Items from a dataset
-------

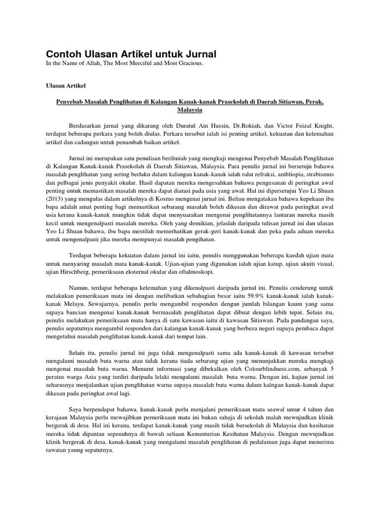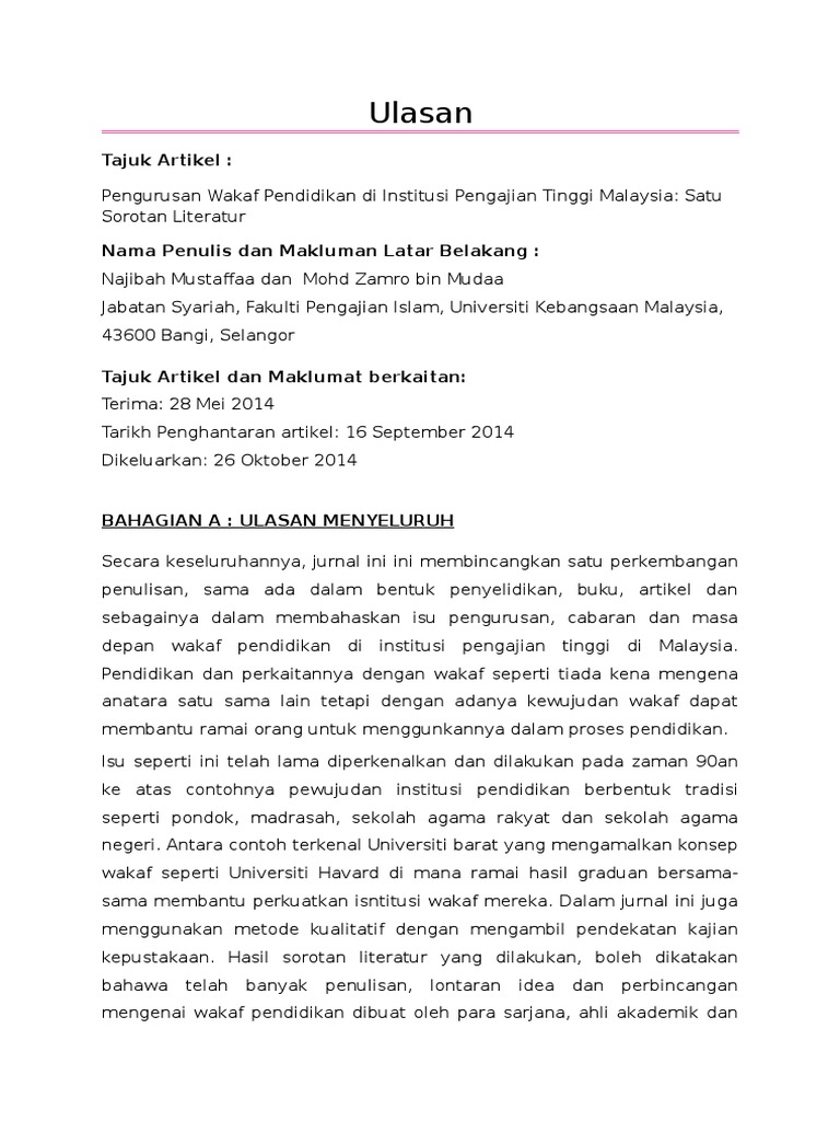 Fakulti pendidikan dan pembangunan manusia dasar dan pengurusan dalam pendidikan khas kbk 3083 ulasan jurnal ( tugasan individu )nama : Artikel adalah bukan berbentuk non fiksyen tetapi pengarang perlu mengambil satu pendirian subjektif terhadap isu/ persoalan yang dihujahkan. Latar belakang artikel ini merupakan hasil kajian yang dijalankan oleh janice t.s. Lomoarcpsd|6624467 kajian ulasan artikel falsafah (universiti teknologi mara) studocu is not sponsored or endorsed by Contoh tugasan ulasan kritikal jurnal dan artikel klik pada pautan di bawah ulasan kritikal jurnal dan artikel.
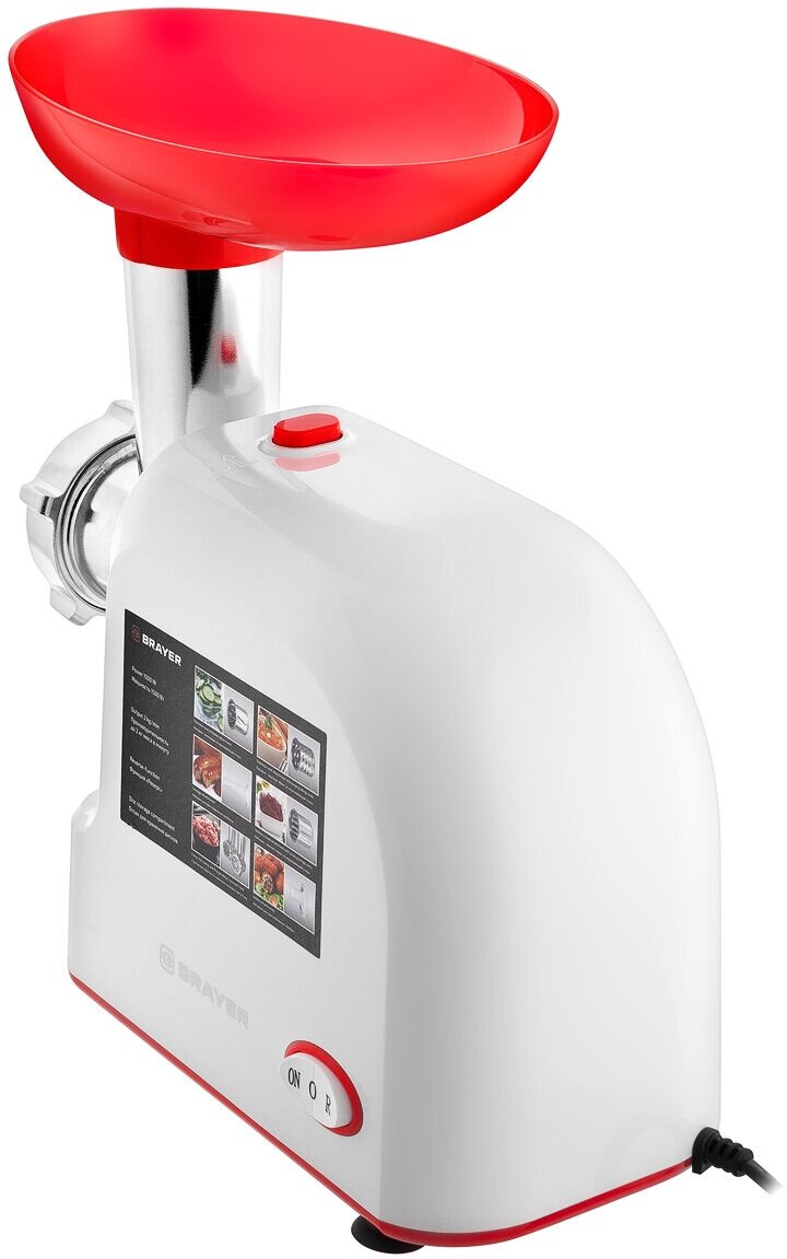 Мясорубка Brayer BR1603BK , 1500 Вт, реверс, насадки кеббе, колбасы, овощи, 2 диска, отсек для хранения
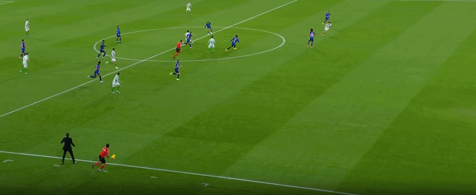 第86分钟,科雷亚面对出击的门将,连续调整再传中被防守球员拦截。↓
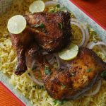 Chicken ko saffron rice,onion rings,dahi ka raita aur chutney ka saath serve karein.
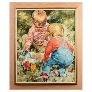 Två barn ritandes ute i grönska
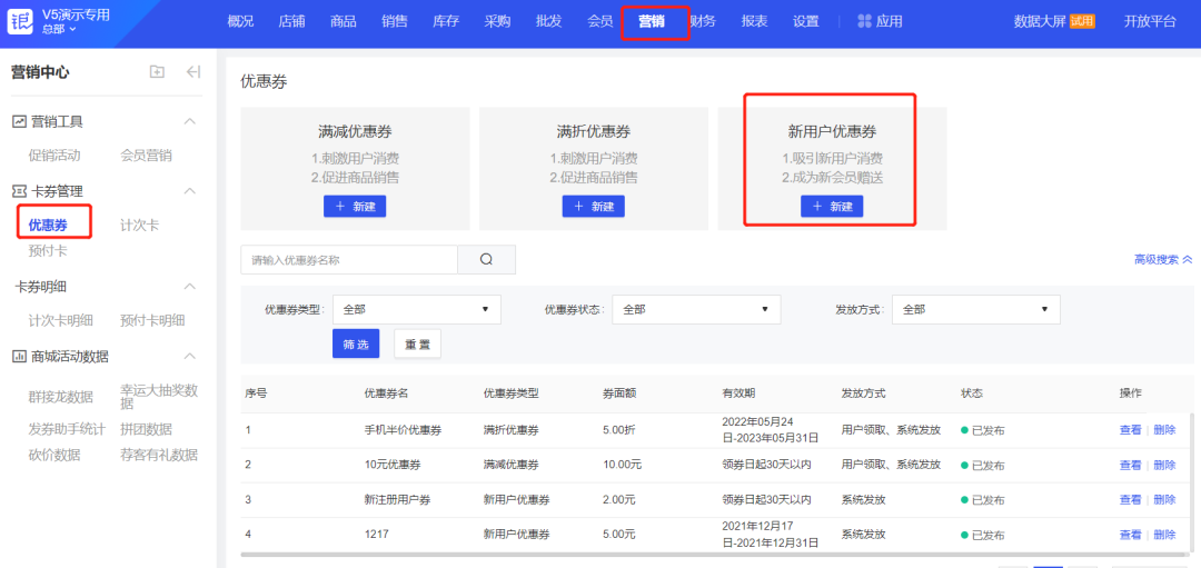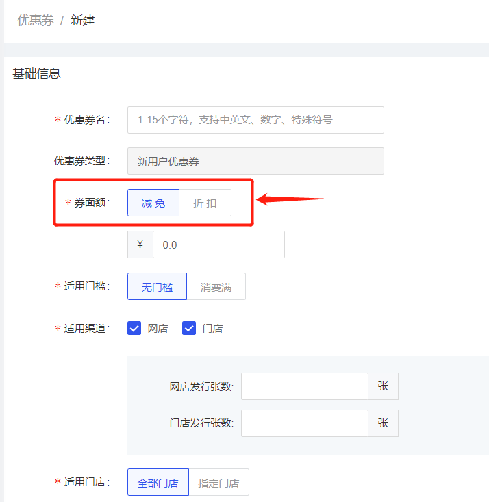商家可以在銀響力后臺創建【新用戶優惠券】、【薦客有禮】等優惠活動,選擇優惠券的彈窗,會出現減免券和折扣券。

-------

> [WHAT THE EXERCISE ASKS]
From the line containing "Två barn ritandes ute i grönska" to the end of the data above, give those lines again verbatim, with both endpoints included and no images.

> [RESULT]
 Två barn ritandes ute i grönska
商家可以在銀響力后臺創建【新用戶優惠券】、【薦客有禮】等優惠活動,選擇優惠券的彈窗,會出現減免券和折扣券。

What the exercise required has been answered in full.